Records supplied:

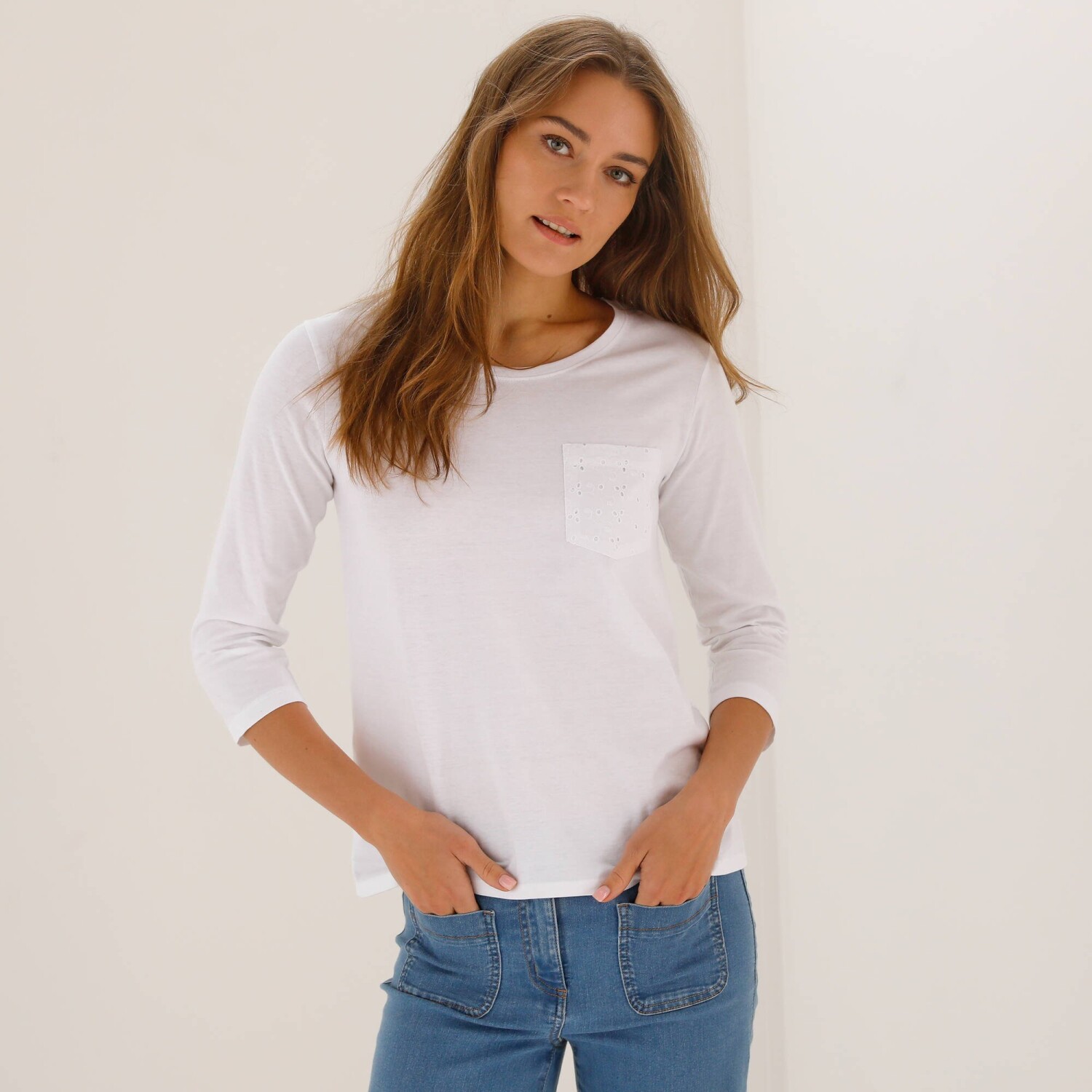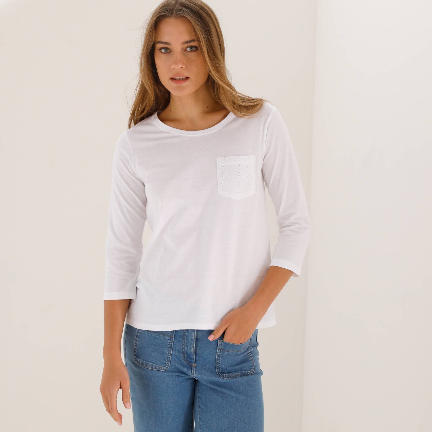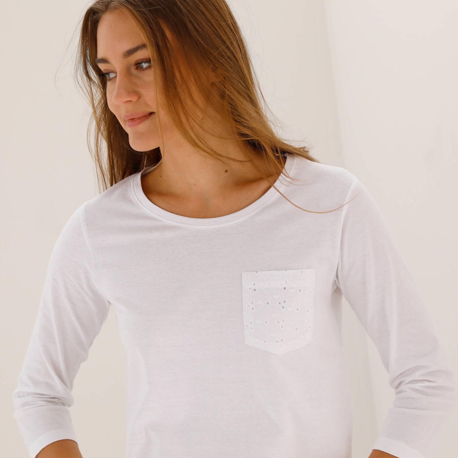 Tričko s okrúhlym výstrihom, dlhými rukávmi a čipkou
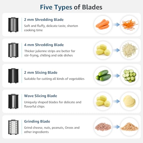 - 5 in 1 Electric Cheese Grater – The electric cheese grater comes with 5 interchangeable stainless steel blades: slicing blade, wavy slicing blade, 2mm/4mm shredding blade, grinding blade. Whether you are slicing, shredding or grating, this cheese grater is designed to meet your different needs, allowing you to focus on creating delicious meals.
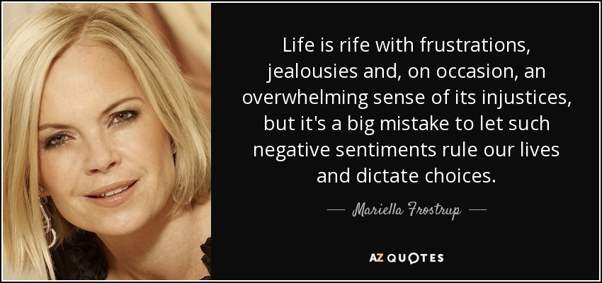 Life is rife with frustrations, jealousies and, on occasion, an overwhelming sense of its injustices, but it's a big mistake to let such negative sentiments rule our lives and dictate choices.
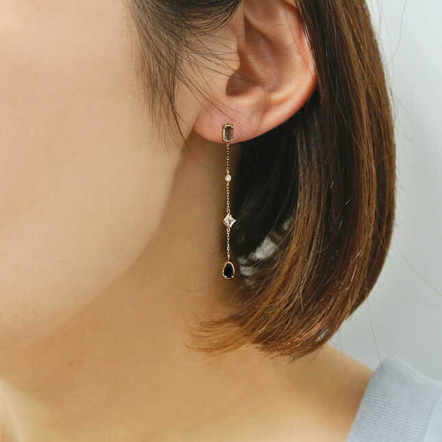 艶めくイエローゴールドに、ホワイトやブラウン、ブラックのシックな色味のカラーストーンが、美しく揺れるロングピアス。
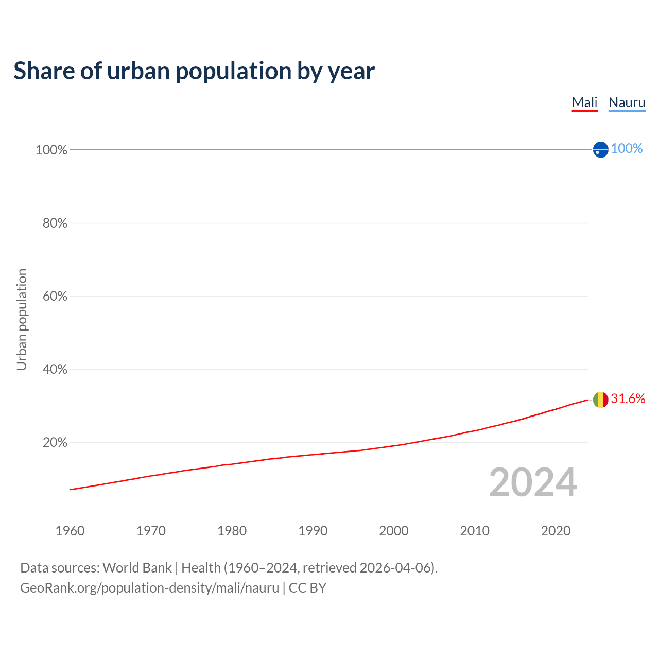 From 2004 to 2024, the share of urban population changed from 20.5% to 31.6% in Mali and from 100% to 100% in Nauru.
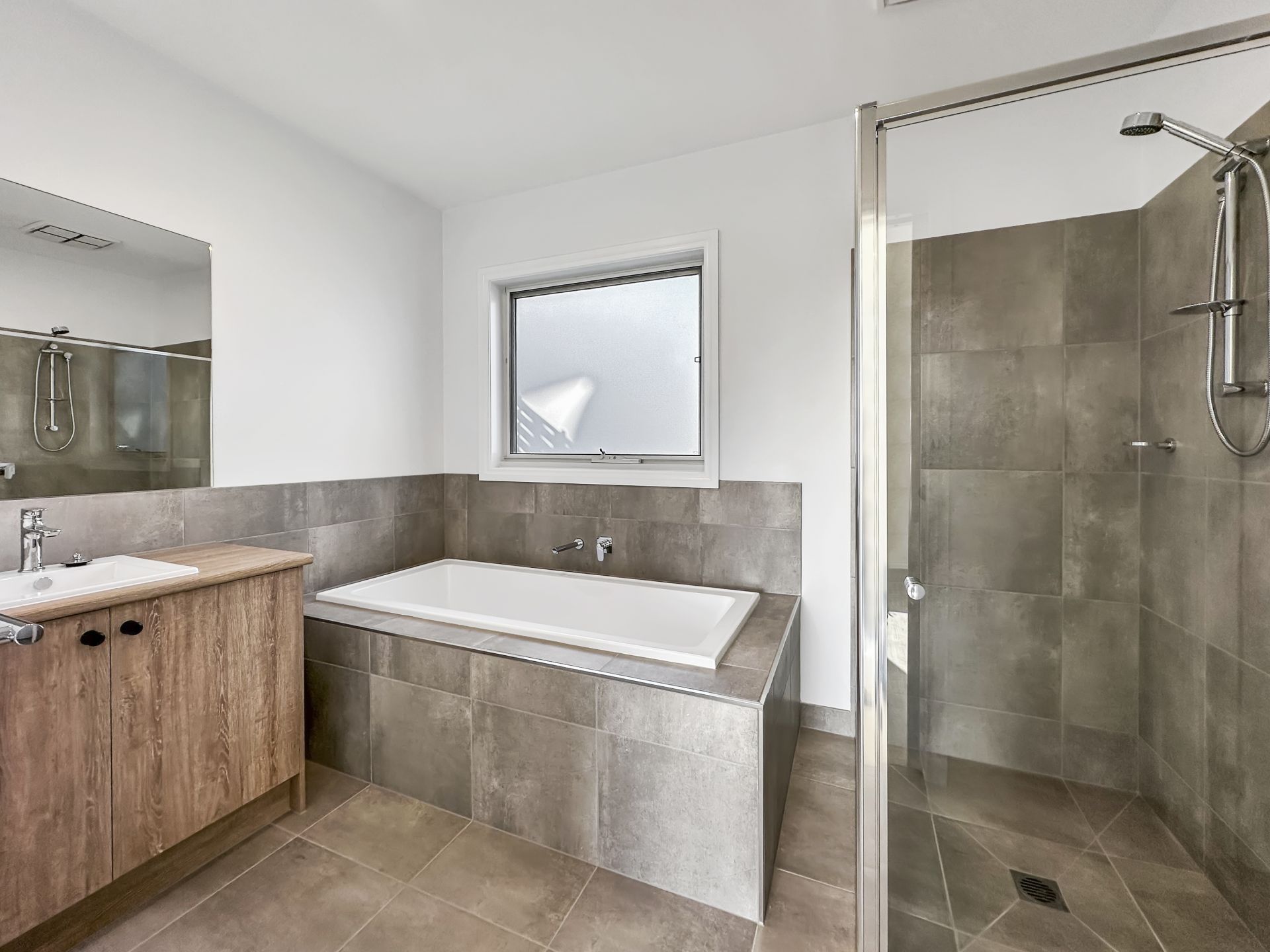 The home boasts two sleek, contemporary bathrooms, including a private ensuite with a bath. High-quality fittings, clean lines, and neutral tones create a fresh, timeless feel that suits any style.

What is needed: Leave every picture out, and reproduce exactly the lines from the line bearing "Life is rife" through the closing line of the material above.

Task result:
 Life is rife with frustrations, jealousies and, on occasion, an overwhelming sense of its injustices, but it's a big mistake to let such negative sentiments rule our lives and dictate choices.
 艶めくイエローゴールドに、ホワイトやブラウン、ブラックのシックな色味のカラーストーンが、美しく揺れるロングピアス。
 From 2004 to 2024, the share of urban population changed from 20.5% to 31.6% in Mali and from 100% to 100% in Nauru.
 The home boasts two sleek, contemporary bathrooms, including a private ensuite with a bath. High-quality fittings, clean lines, and neutral tones create a fresh, timeless feel that suits any style.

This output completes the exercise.